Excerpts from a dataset
################
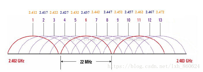 以上分析的前提是基于Wifi信道采用20Mhz带宽的分析,Wifi信道1和信道6之间会有一定的频谱空隙,这样zigbee信道的14,15所受干扰较小,同理Wifi信道6和信道11之间,zigbee的19,20信道所受干扰较小。而Zigbee信道24,25是在Wifi 11信道之外,对于美国来说,Wifi信道只有1-11,那么zigbee信道24,25所受Wifi干扰也小,而我们国家Wifi信道是1-13,如果Wifi信道设置在12,13,那么zigbee的24,25信道也将受到同频干扰。
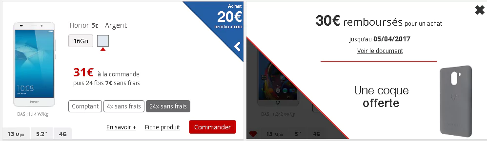 Lorsqu’une promotion, une offre de remboursement ou lorsqu’un accessoire est offert, il suffit désormais de déplier l’onglet en haut à droite, afin d’avoir davantage de précision.
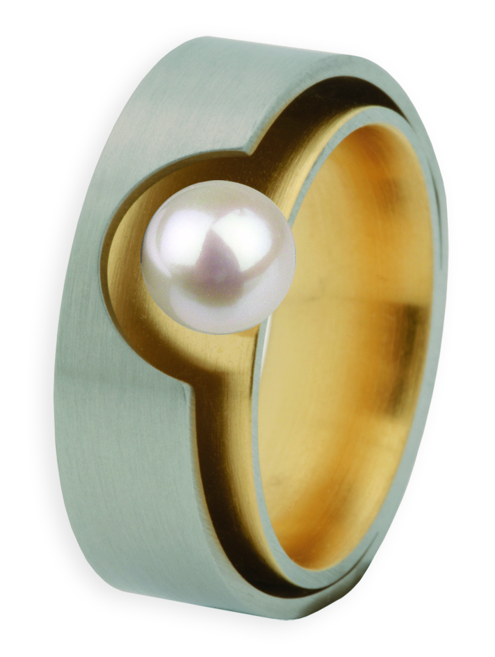 Starker Ring mit innovativem Design und eleganter Kombination aus Edelstahl, Gold und Süßwasserperle!
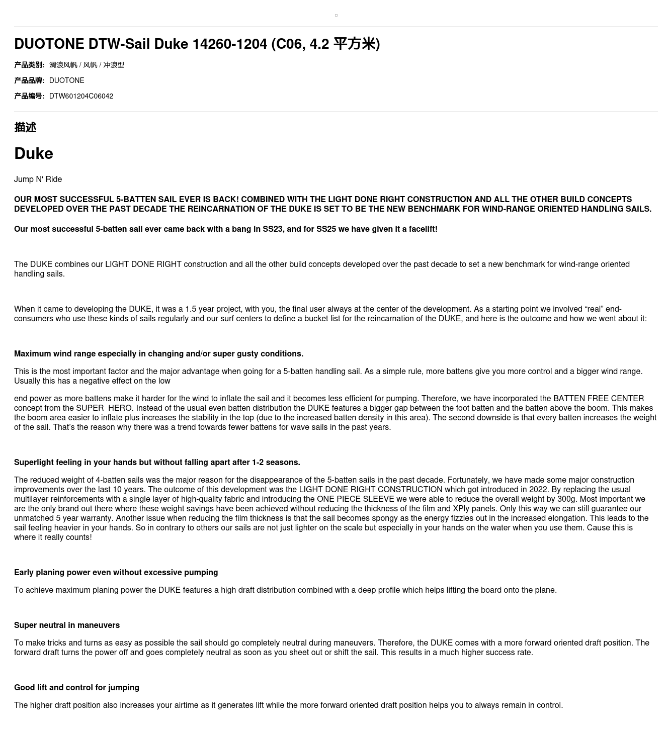 OUR MOST SUCCESSFUL 5-BATTEN SAIL EVER IS BACK! COMBINED WITH THE LIGHT DONE RIGHT CONSTRUCTION AND ALL THE OTHER BUILD CONCEPTS DEVELOPED OVER THE PAST DECADE THE REINCARNATION OF THE DUKE IS SET TO BE THE NEW BENCHMARK FOR WIND-RANGE ORIENTED HANDLING SAILS.
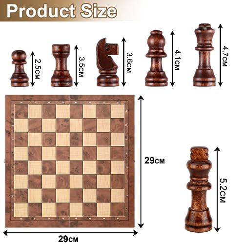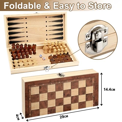 Scacchiera in Legno,3 in 1 Scacchi Dama Backgammon, Pieghevole Scacchiere per Bambini e Adulti, Portatili Scacchi per Viaggio Famiglia Festa - 29x29x2cm
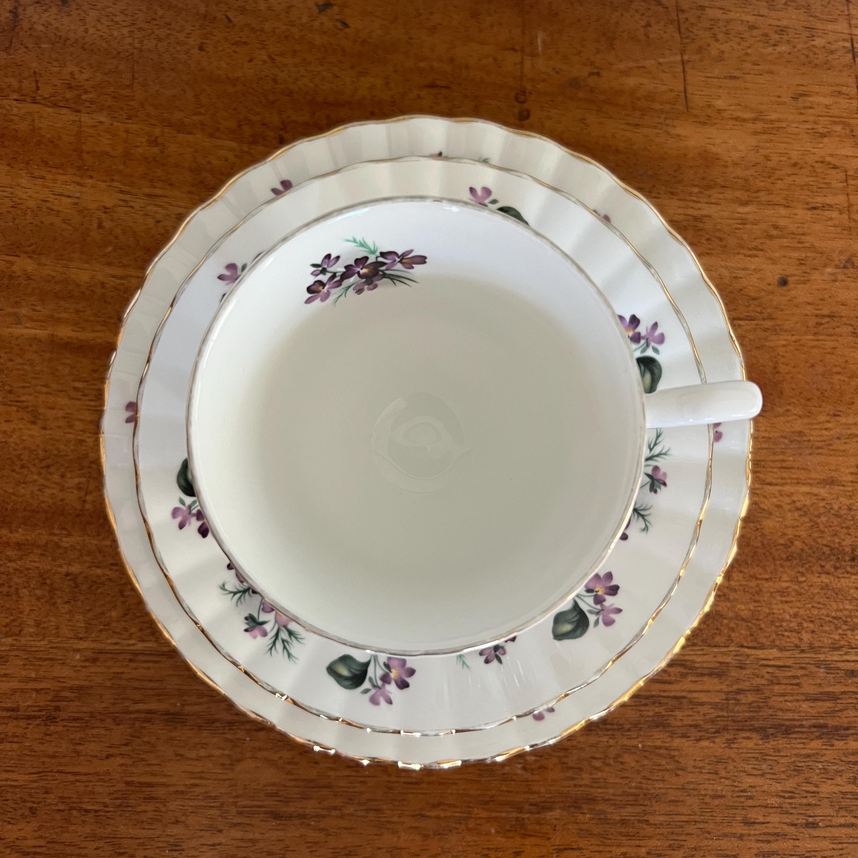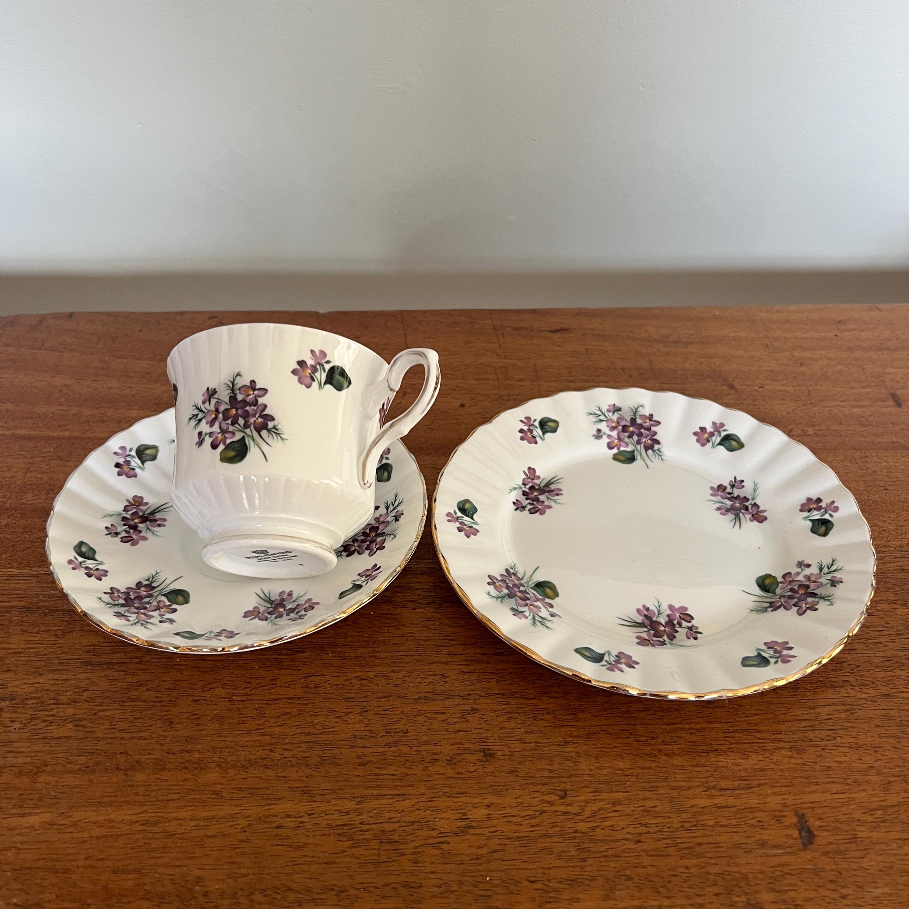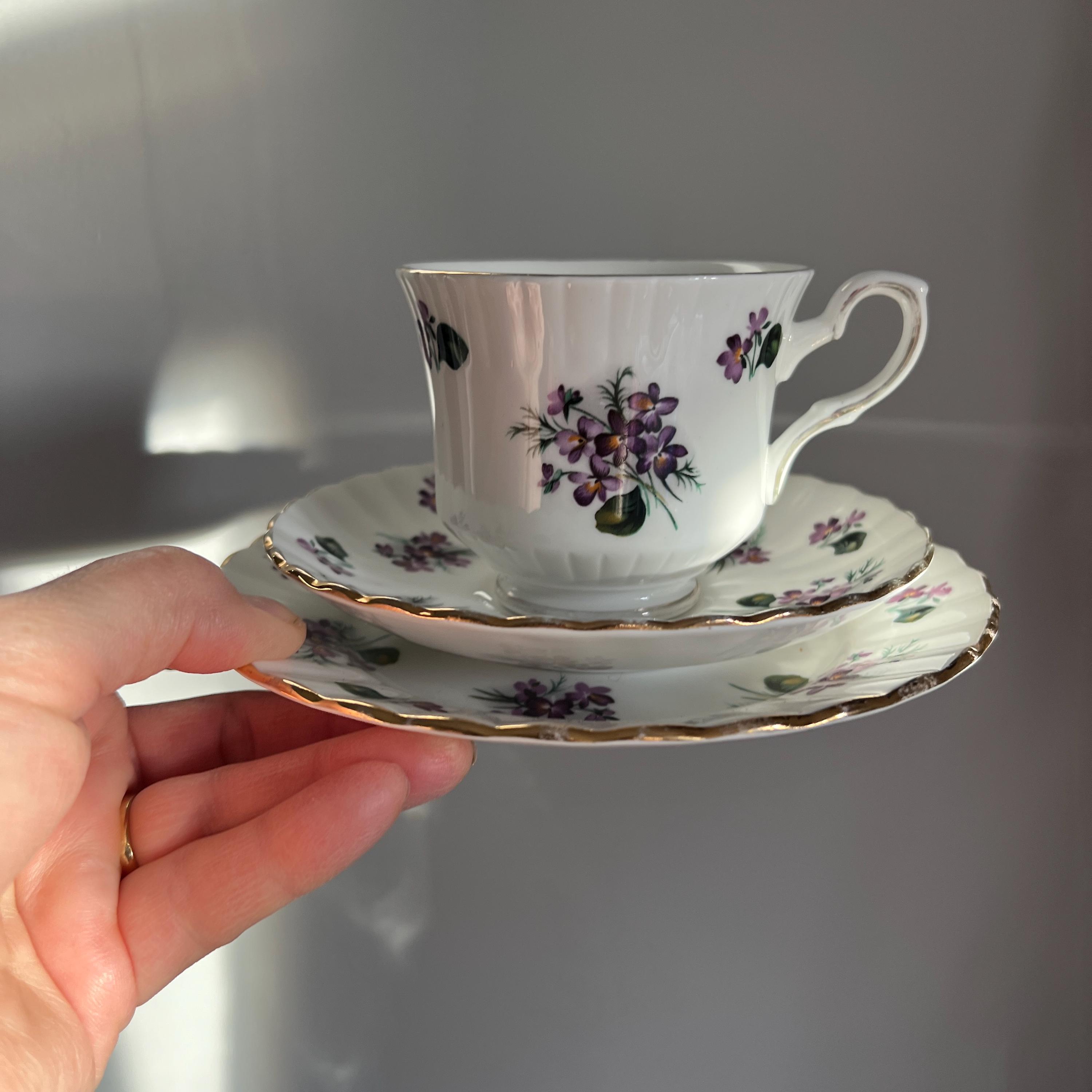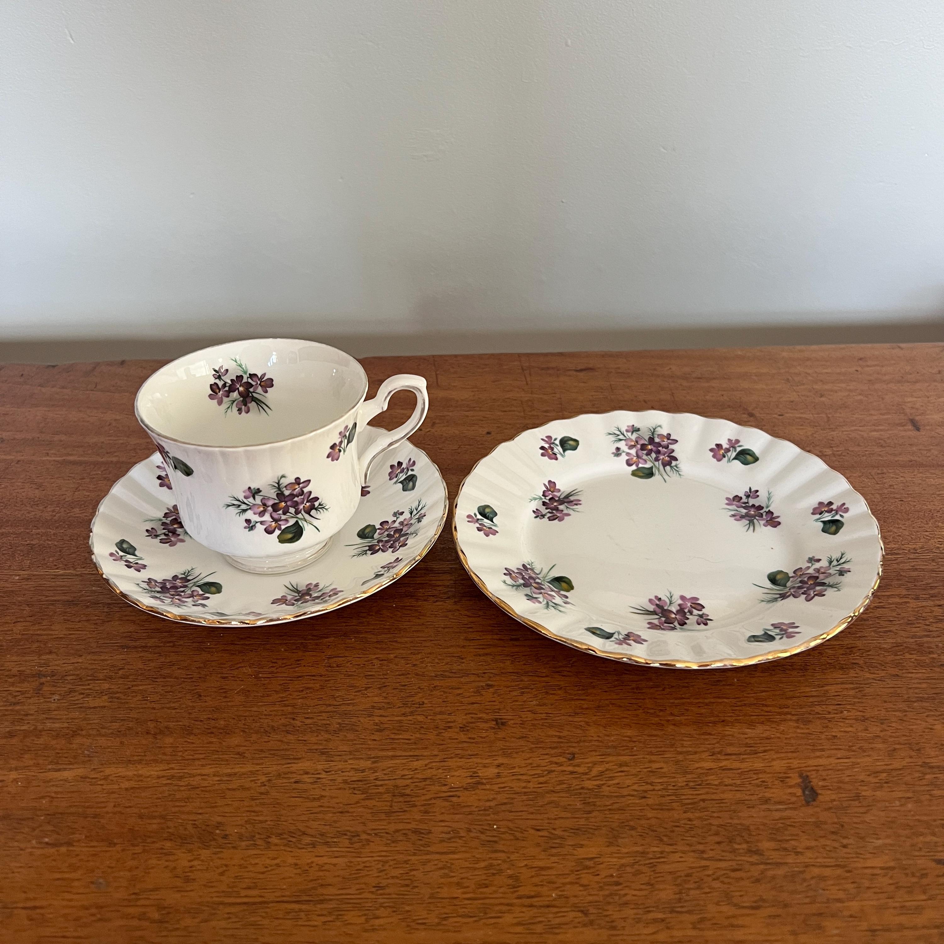 A pretty vintage trio set in English bone china consisting of a pedestal footed teacup, saucer and tea plate by Royal Stafford. Other items in the range can be found on separate listings, where still available.
################
YOUR TASK
An exact retyping of each record, with no pictures, is the answer required.

WRITTEN RESPONSE
 以上分析的前提是基于Wifi信道采用20Mhz带宽的分析,Wifi信道1和信道6之间会有一定的频谱空隙,这样zigbee信道的14,15所受干扰较小,同理Wifi信道6和信道11之间,zigbee的19,20信道所受干扰较小。而Zigbee信道24,25是在Wifi 11信道之外,对于美国来说,Wifi信道只有1-11,那么zigbee信道24,25所受Wifi干扰也小,而我们国家Wifi信道是1-13,如果Wifi信道设置在12,13,那么zigbee的24,25信道也将受到同频干扰。
 Lorsqu’une promotion, une offre de remboursement ou lorsqu’un accessoire est offert, il suffit désormais de déplier l’onglet en haut à droite, afin d’avoir davantage de précision.
 Starker Ring mit innovativem Design und eleganter Kombination aus Edelstahl, Gold und Süßwasserperle!
 OUR MOST SUCCESSFUL 5-BATTEN SAIL EVER IS BACK! COMBINED WITH THE LIGHT DONE RIGHT CONSTRUCTION AND ALL THE OTHER BUILD CONCEPTS DEVELOPED OVER THE PAST DECADE THE REINCARNATION OF THE DUKE IS SET TO BE THE NEW BENCHMARK FOR WIND-RANGE ORIENTED HANDLING SAILS.
 Scacchiera in Legno,3 in 1 Scacchi Dama Backgammon, Pieghevole Scacchiere per Bambini e Adulti, Portatili Scacchi per Viaggio Famiglia Festa - 29x29x2cm
 A pretty vintage trio set in English bone china consisting of a pedestal footed teacup, saucer and tea plate by Royal Stafford. Other items in the range can be found on separate listings, where still available.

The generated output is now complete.